Overall, this real-world evidence demonstrated that integrating physician-directed GLP-1 RA therapy with digitally supported behavioral coaching can deliver sustained weight loss and meaningful cardiometabolic improvements in individuals with overweight or obesity.3 As GLP-1 RAs continue to expand in obesity management, embedding structured behavioral and digital support within pharmacological programs may be essential to maximize long-term clinical benefit and improve patient outcomes.3

References

  1. Liu Y, et al. The weight-loss effect of GLP-1RAs (glucagon-like peptide-1 receptor agonists) in non-diabetic individuals with overweight or obesity: A systematic review with meta-analysis and trial sequential analysis of randomized controlled trials. Am J Clin Nutr. 2023;118(3):614-626.
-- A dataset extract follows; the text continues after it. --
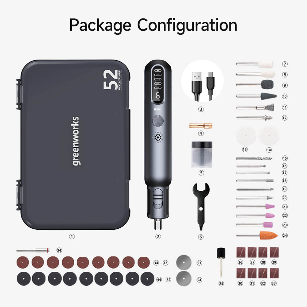 • Accessories: The set includes 52 accessories, providing users with a range of options for different tasks.

  2. Eaton CK, et al. Cross-cutting mHealth behavior change techniques to support treatment adherence and self-management of complex medical conditions: Systematic review. JMIR Mhealth Uhealth. 2024;12:e49024.
  3. Ali SH, et al. Real-world outcomes of hybrid obesity care using digital coaching and GLP-1 therapy in a multi-ethnic Asian setting. Int J Obes. 2026; Epub ahead of print.
  4. Hall KD, et al. Maintenance of lost weight and long-term management of obesity. Med Clin North Am. 2018;102(1):183-197.